Bengaluru: From sub-Saharan Africa to sub-standard city college!
Bengaluru: Around 20 African students, including girls, had to sleep in a church for over three weeks after they were sent out of their houses by landlords as their college failed to pay the rent.
The students, most of them from Mali and Congo, are pursuing their graduation in BBA, BCA and B.Com at Loyola Business School, also named Bangalore International College (BIC) on their website, in Doddanekundi, Marathahalli in East Bengaluru.
The students allege that they paid a deposit of $550 each for their hostel fees along with Rs 2 lakh towards tuition fees for the year.
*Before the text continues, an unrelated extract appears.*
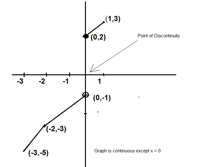 `f(x)` is discontinuous at `x = 0` only

But they found to their horror that the classes for two semesters were conducted in different rooms of a 4-BHK house in Karthik Nagar.
The world class hostel facilities as claimed by the college administration were nothing but two single-bedroomed houses with 10 students packed in each bedroom.
“The college put 25 of us in three single bedroom houses in Karthik Nagar, 10 boys each in two single-bedroom houses and five girls in another house near our college. As the management had neither paid the rent nor the deposit to these house owners, we were thrown out and we had to beg with the pastor at the nearby El-Bethel AG Church to allow us to stay for over three weeks,” said Attiah, one of the students.
The students have approached Bangalore University authorities twice for addressing their concerns and also the jurisdictional police for lodging a criminal complaint against the college for cheating them, but to no avail.
Forty of these students are petitioning the State Human Rights Commission on Monday, alleging that the college management has cheated them of Rs 70-80 lakh, which was collected from them as tuition and hostel fees. They want their money and seized documents back to allow them to join other colleges.
College management seizes students’ passports, papers
When the students demanded refund of their hostel deposits, the management allegedly confiscated their passports, education certificates and other documents, preventing them from leaving the college. “The college chairman threatened us that he had connections in FRRO, and he could get us deported,” claimed a student.
“We request the State Human Rights Commission to direct Bangalore University to take action against the college and also direct the police to register a criminal complaint against the management,” said Mr Bosco Kaweesi, legal adviser to the All-African Student Association in Bengaluru.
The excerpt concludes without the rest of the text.